Word for word, restate the lines from the one holding "工場の入り口でシートを被っている可哀想なバイクはST君。" through the end of the data below, including both endpoints and nothing more.
··· INPUT FOR THIS TASK ···
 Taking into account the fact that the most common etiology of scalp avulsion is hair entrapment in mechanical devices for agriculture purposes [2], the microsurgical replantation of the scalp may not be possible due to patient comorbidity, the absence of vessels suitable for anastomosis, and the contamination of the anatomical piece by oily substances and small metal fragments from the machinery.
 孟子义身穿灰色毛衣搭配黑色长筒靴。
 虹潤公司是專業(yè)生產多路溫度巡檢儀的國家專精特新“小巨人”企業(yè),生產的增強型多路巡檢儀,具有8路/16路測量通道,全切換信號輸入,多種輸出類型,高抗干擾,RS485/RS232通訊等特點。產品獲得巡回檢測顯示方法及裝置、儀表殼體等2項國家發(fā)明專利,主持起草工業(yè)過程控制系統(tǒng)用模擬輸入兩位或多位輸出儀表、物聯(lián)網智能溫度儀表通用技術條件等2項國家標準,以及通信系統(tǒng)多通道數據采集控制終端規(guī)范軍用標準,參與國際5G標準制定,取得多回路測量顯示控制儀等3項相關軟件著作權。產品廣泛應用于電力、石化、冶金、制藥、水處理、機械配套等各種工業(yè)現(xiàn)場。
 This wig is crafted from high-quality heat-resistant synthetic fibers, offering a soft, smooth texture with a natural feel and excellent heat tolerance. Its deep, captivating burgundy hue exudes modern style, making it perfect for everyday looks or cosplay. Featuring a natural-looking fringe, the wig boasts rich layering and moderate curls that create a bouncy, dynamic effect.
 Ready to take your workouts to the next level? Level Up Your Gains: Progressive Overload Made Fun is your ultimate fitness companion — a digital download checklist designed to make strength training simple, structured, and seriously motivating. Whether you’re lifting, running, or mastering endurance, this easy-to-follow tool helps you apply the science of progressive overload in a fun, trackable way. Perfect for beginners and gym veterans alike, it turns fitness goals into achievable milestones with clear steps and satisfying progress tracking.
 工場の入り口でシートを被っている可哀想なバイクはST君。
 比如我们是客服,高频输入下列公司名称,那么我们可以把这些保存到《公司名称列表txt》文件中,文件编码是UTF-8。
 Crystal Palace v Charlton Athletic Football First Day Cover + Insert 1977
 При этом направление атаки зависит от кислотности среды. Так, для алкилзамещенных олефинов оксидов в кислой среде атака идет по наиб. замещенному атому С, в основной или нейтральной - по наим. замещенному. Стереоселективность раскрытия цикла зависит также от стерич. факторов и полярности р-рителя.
···
■ **SOLUTION BELOW**:
 工場の入り口でシートを被っている可哀想なバイクはST君。
 比如我们是客服,高频输入下列公司名称,那么我们可以把这些保存到《公司名称列表txt》文件中,文件编码是UTF-8。
 Crystal Palace v Charlton Athletic Football First Day Cover + Insert 1977
 При этом направление атаки зависит от кислотности среды. Так, для алкилзамещенных олефинов оксидов в кислой среде атака идет по наиб. замещенному атому С, в основной или нейтральной - по наим. замещенному. Стереоселективность раскрытия цикла зависит также от стерич. факторов и полярности р-рителя.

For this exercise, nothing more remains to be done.